SOURCE RECORDS:

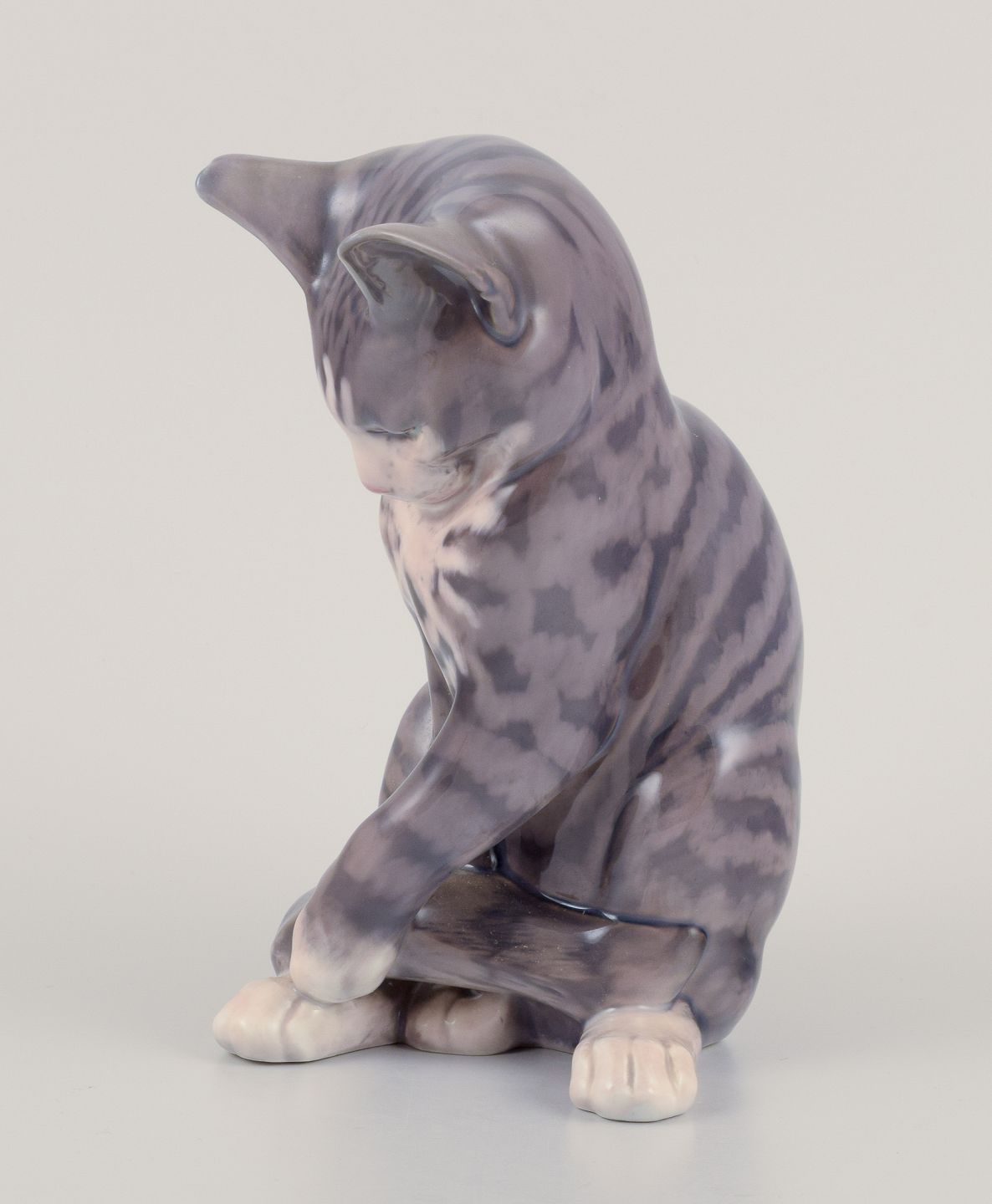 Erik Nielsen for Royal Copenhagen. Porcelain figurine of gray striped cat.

* * *

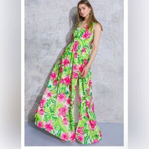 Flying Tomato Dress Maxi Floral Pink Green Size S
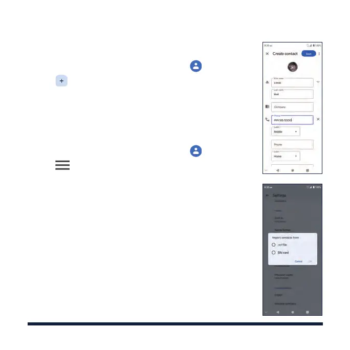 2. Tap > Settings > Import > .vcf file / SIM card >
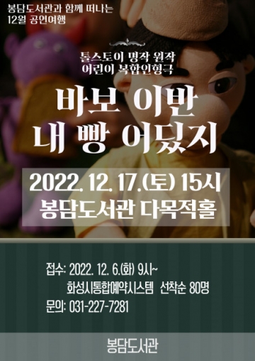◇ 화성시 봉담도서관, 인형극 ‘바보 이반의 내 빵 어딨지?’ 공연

AIM OF THE TASK: The answer is the lines above from the one with "Flying Tomato Dress" to the one with "내 빵 어딨지?’ 공연", set down exactly, with no pictures.

OUTPUT:
 Flying Tomato Dress Maxi Floral Pink Green Size S
 2. Tap > Settings > Import > .vcf file / SIM card >
◇ 화성시 봉담도서관, 인형극 ‘바보 이반의 내 빵 어딨지?’ 공연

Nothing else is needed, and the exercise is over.